::: Dataset excerpt

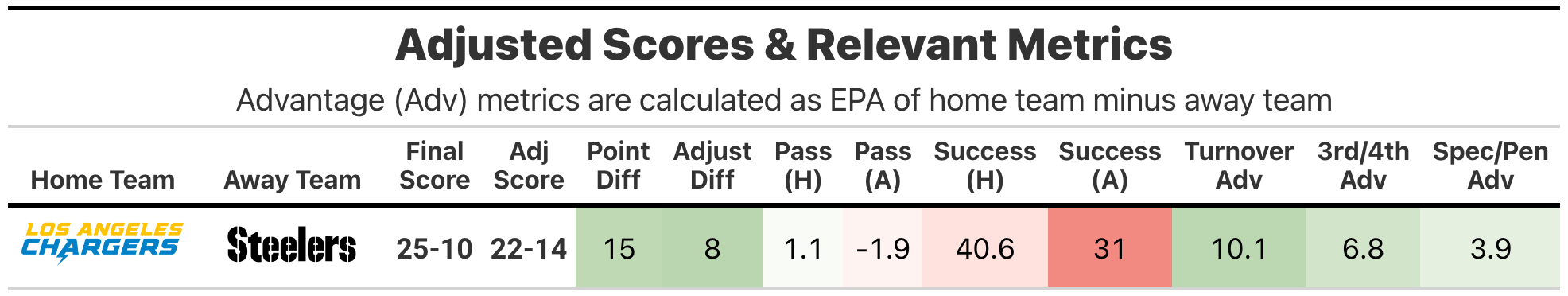 Week 10 Sunday Night Chargers-Steelers: Advanced Review
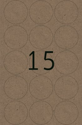 Herma 32 mm átmérőjű környezetbarát, natúr barna színű, matt felületű, kézzel írható öntapadós jelölő címke, permanens ragasztóval, körcímke. A környezeti terhelés csökkentéséért a címkepapírt természetes rost szerkezetű alapanyag felhasználásával állítják elő. Egy csomagban 24 darab 111 x 170 mm-es lapon összesen 360 darab (laponként 15 darab), külön-külön leválasztható, natúr barna színű jelölő címke található.
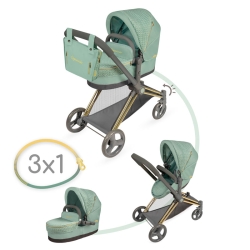 Include: 1 carro di bambole Capriccio verde e nero con design 3 in 1 convertibile in seggiolino e culla, struttura pieghevole, ruote anteriori girevoli, cintura di sicurezza stile imbragatura, vassoio inferiore portaoggetti, tessuto imbottito e liscio combinato, parte della struttura cromata, borsa abbinata e altri dettagli di lusso.

::::::

## Exercise aim
Return the complete data unchanged and include none of the pictures.

## Answer
 Week 10 Sunday Night Chargers-Steelers: Advanced Review
 Herma 32 mm átmérőjű környezetbarát, natúr barna színű, matt felületű, kézzel írható öntapadós jelölő címke, permanens ragasztóval, körcímke. A környezeti terhelés csökkentéséért a címkepapírt természetes rost szerkezetű alapanyag felhasználásával állítják elő. Egy csomagban 24 darab 111 x 170 mm-es lapon összesen 360 darab (laponként 15 darab), külön-külön leválasztható, natúr barna színű jelölő címke található.
 Include: 1 carro di bambole Capriccio verde e nero con design 3 in 1 convertibile in seggiolino e culla, struttura pieghevole, ruote anteriori girevoli, cintura di sicurezza stile imbragatura, vassoio inferiore portaoggetti, tessuto imbottito e liscio combinato, parte della struttura cromata, borsa abbinata e altri dettagli di lusso.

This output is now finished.